She described how the medium, someone who’d only just arrived in Lily Dale that morning and had no knowledge of who Mabel was, allowed Austin to speak through him. She recorded in detail what was said: “You kept me nine months on the Earth after my body was dead – your grief and loving kept me. But I have wanted to speak to you for seven long years.” Mabel added, “he went on with things that kept me breathless for nearly an hour.”
This remarkable encounter “…tore my heart strings so that for weeks I walked in a daze. The voice was identical with what I had so longed for years to hear …Some things just could not have been invented. But what does it mean?” And this visit stayed with Mabel for the rest of her life; her journal entries referenced it for many years afterward.
So I am quite certain that while Mabel, like Emily and Millicent, would probably look at the commercial holiday of Halloween askance, she would maintain a quiet and deep faith that there’s actually something to it, beyond the candy corn, costumes and plastic orange pumpkins.
And I will admit to one Halloweenish experience of my own. This past Thursday morning I was in Amherst, having stayed over after giving the first talk on my book tour. As usual, I rose well before dawn. Since I had to get on the road to be back in time to facilitate an event at Tufts in the morning, I decided just to get up and get going. But before heading east, I decided to pay a brief visit to Wildwood Cemetery, to let Mabel know that the book was almost out.
It was very dark, except for the full moon. When I got to Wildwood I had a brief moment of panic, wondering what I was doing – really, wandering around in a cemetery well before it started to get light? Was I nuts?
Fortunately I’ve been there enough that it was still relatively easy to navigate my way to the Todd plot. I had to use the light on my cell phone to fumble around on the ground a little, but I did find a good- sized pebble. And with the spooky light of the moon guiding me, I placed it on top of Mabel’s headstone. Somehow, I knew, this is a gesture she would have appreciated.

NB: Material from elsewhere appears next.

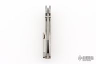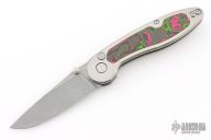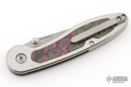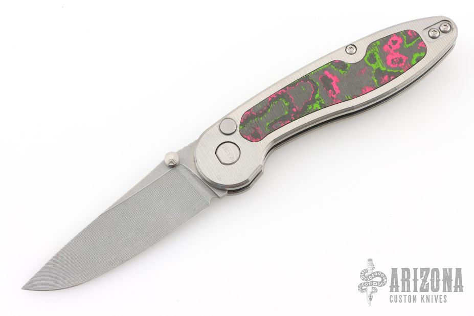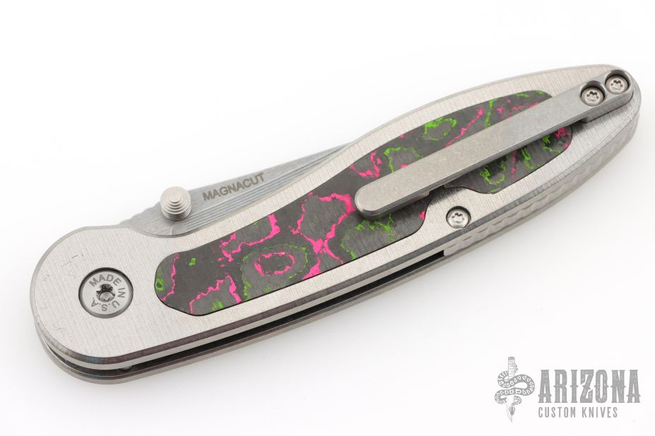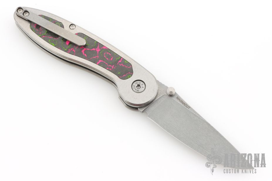 Model 1 Button Lock. The Handle is Milled Titanium with a fat carbon inlay. The blade is made of Magnacut stainless with 3D milling and has been heat-treated and cryogenic tempered. The blade has a light stonewash finish. The blade rides on ceramic caged bearings and hardened stainless thrust washers.  Ceramic detent ball. The pivot and pivot screw has been made from hardened 416 stainless. With a Titanium backspacer, pocket clip, and thumb stud.

Today is the day I’ve long waited for. After Emily is officially published!
Throughout the time I’ve been working on this book, I’ve kept a journal about the process. This has been a kind of meta-experience, writing about the writing. I’m very glad I did this because it’s been a way to think through and process these intertwined and complicated stories. I’ve also learned a lot about writing, and about myself.
This was the very first entry in the journal:
3/3/11
Today I feel like I really started the project for the first time. The microfilms I’d requested from Yale on inter-library loan FINALLY arrived after weeks of waiting, and I spent 7 hours looking at them. I went through 4 years’ of Mabel’s diaries; didn’t even complete a whole reel. This is going to take me a very long time.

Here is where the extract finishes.